DATA EXTRACT:
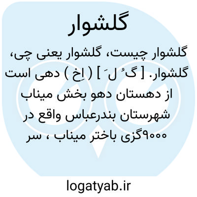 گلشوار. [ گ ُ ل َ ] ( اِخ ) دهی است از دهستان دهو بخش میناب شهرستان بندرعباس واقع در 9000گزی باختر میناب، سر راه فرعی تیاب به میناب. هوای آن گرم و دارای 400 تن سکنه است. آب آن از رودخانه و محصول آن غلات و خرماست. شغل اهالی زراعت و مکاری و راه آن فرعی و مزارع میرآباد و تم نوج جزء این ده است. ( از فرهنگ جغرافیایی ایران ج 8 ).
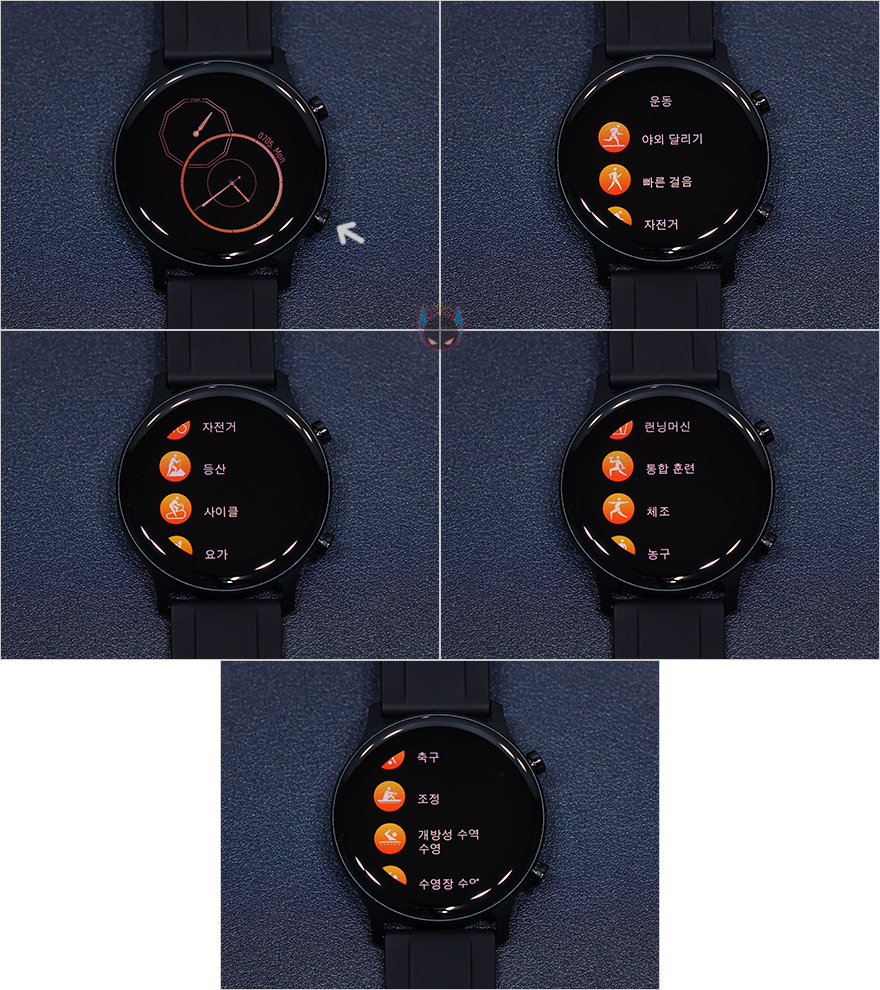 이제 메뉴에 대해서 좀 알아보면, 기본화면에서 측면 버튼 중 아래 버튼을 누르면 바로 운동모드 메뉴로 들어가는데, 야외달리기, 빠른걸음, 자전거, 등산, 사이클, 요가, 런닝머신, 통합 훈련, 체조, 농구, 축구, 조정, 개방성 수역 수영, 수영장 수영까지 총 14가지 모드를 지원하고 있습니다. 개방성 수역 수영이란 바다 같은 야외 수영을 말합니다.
* * *
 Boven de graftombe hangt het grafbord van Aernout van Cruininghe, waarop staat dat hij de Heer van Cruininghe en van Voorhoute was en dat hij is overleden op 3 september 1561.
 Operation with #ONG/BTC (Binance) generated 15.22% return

WHAT IS REQUIRED: Nothing but the lines above from the line with "گلشوار. [ گ" up to and including the line with "이제 메뉴에 대해서 좀" should be returned, exactly as written and without pictures.

RESPONSE BELOW:
 گلشوار. [ گ ُ ل َ ] ( اِخ ) دهی است از دهستان دهو بخش میناب شهرستان بندرعباس واقع در 9000گزی باختر میناب، سر راه فرعی تیاب به میناب. هوای آن گرم و دارای 400 تن سکنه است. آب آن از رودخانه و محصول آن غلات و خرماست. شغل اهالی زراعت و مکاری و راه آن فرعی و مزارع میرآباد و تم نوج جزء این ده است. ( از فرهنگ جغرافیایی ایران ج 8 ).
 이제 메뉴에 대해서 좀 알아보면, 기본화면에서 측면 버튼 중 아래 버튼을 누르면 바로 운동모드 메뉴로 들어가는데, 야외달리기, 빠른걸음, 자전거, 등산, 사이클, 요가, 런닝머신, 통합 훈련, 체조, 농구, 축구, 조정, 개방성 수역 수영, 수영장 수영까지 총 14가지 모드를 지원하고 있습니다. 개방성 수역 수영이란 바다 같은 야외 수영을 말합니다.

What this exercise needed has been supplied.